Can somebody please answer this question..it's urgent!!
A resistor is connected in series with a parallel combination of a bulb and variable resistor.
(a) Describe how the brightness of the light changes as the resistance of the variable resistor is increased from zero.
(b) Explain why it is possible to reduce the bulb current to zero by adjusting the variable resistor.

well for (a) part i think it will increase because increasing the resistance will increase the voltage across the var. res. and bulb (as they are in parallel) so causing the brightness to increase!

and (b) part i have no idea!

i'm nt sure of my first answer too...so i'll be glad if anyone can help!

JazakAllah Khair!

 

[larina]

Walaikumusalam.
well, for the first one (a), as it is connected in parallel, the voltage is the same throughout the circuit.
As the resistance increases, the current decreases, so less current will flow through the buld, and therefore it's brightness decreases.

for (b), as increasing the resistance in the variable resister, the current decreases.
the resistance in the variable resistor changes by change in the length..the more the length, the higher the reisistance.
the shorter the length, the less the resistance.
so shifting the knob of the variable resister to the end (where the length is the greatest) so the resistance will be greatest there, and therefore no current will flow.

 

[XPFMember]

so that means the brightness depends on the current..not the voltage?

 

[larina]

yes, always.

 

[sakibfaiyaz]

Brightness depends on power dissipated; ALWAYS!!

 

[beacon_of_light]

Assalamoalaikum!!
Can somebody please answer this question..it's urgent!!
A resistor is connected in series with a parallel combination of a bulb and variable resistor.
(a) Describe how the brightness of the light changes as the resistance of the variable resistor is increased from zero.

JazakAllah Khair!

When you increase the resistance of the variable resistor, voltage around the variable resistor increases and voltage around the "parallel combination" of the bulbs decreases. Therefore, power dissipated in the lamps reduces i.e.
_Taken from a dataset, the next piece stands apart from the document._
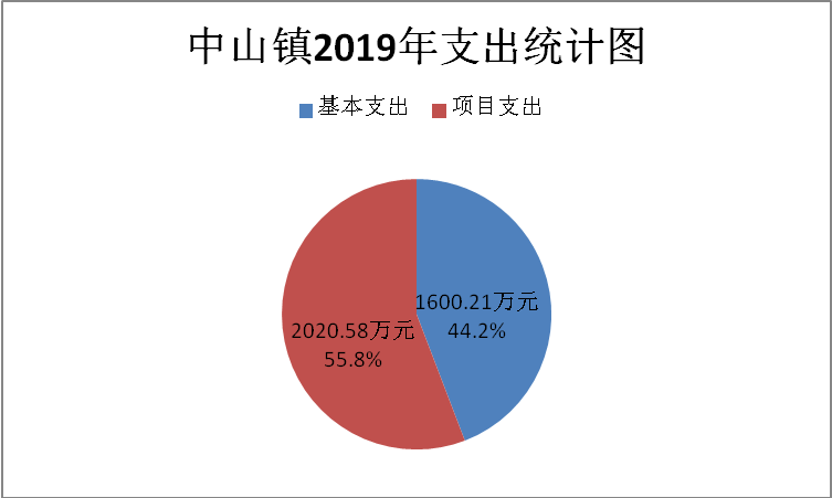 楚雄州楚雄市中山镇2019年度支出合计3,620.79万元。其中:基本支出1,600.21万元,占总支出的44.2%;项目支出2,020.58万元,占总支出的55.8%;上缴上级支出、经营支出、对附属单位补助支出共0万元,占总支出的0%。与上年对比增加392.99万元,主要原因是村委会干部待遇提高,基础设施项目建设增加。
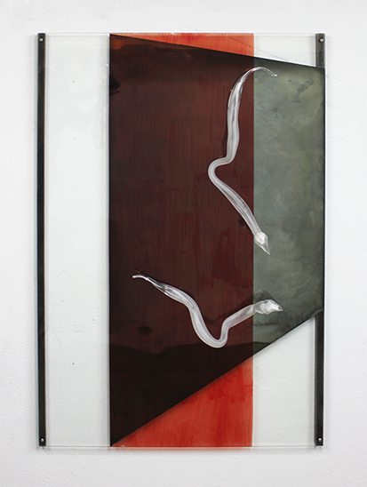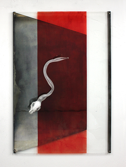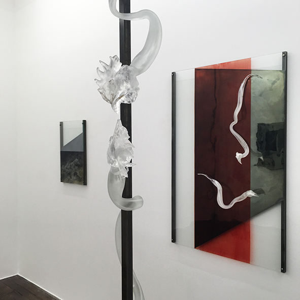 Verre, rouge de cuivre, argenture de miroir, peinture noire, acier, pâte de verre, os, verre soufflé

P = V^2 / R ...
As V decreases, power dissipated as light energy decreases . Hence, brightness reduces !

 

[larina]

^doesn't the brightness depend on the current???? :/
but thats what my teacher told me.

 

[beacon_of_light]

^doesn't the brightness depend on the current???? :/
but thats what my teacher told me.

Yup it depends on current as well ... but the idea is again the same i.e. low power dissipation ... P= I^2 x R
When circuit current decreases due to increase in the resistance , power dissipation also reduces in the parallel combination of bulbs but increases around the variable resistor due to heating effects ...